Work to complete:
Your response should consist of the entire listing, transcribed exactly, with every image left out.

Given data:
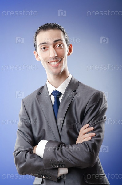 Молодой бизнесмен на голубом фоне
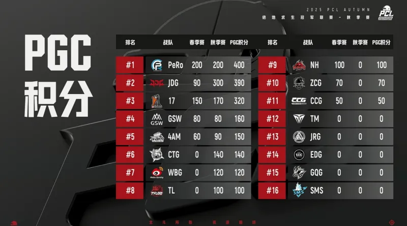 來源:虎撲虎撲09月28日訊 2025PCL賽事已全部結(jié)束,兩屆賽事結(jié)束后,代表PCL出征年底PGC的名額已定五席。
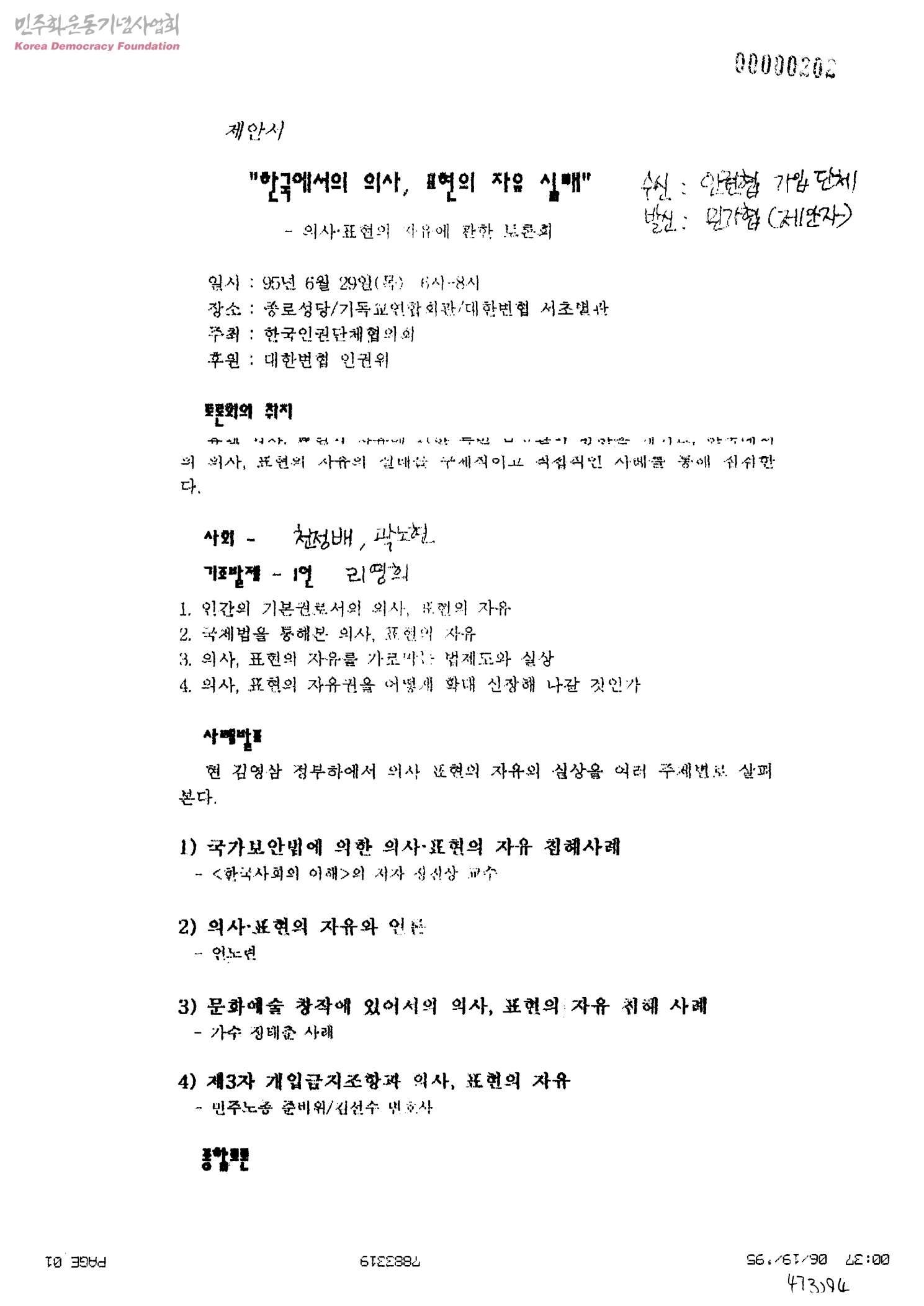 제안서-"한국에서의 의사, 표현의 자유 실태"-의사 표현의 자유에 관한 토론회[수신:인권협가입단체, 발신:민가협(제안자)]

Task response:
 Молодой бизнесмен на голубом фоне
 來源:虎撲虎撲09月28日訊 2025PCL賽事已全部結(jié)束,兩屆賽事結(jié)束后,代表PCL出征年底PGC的名額已定五席。
 제안서-"한국에서의 의사, 표현의 자유 실태"-의사 표현의 자유에 관한 토론회[수신:인권협가입단체, 발신:민가협(제안자)]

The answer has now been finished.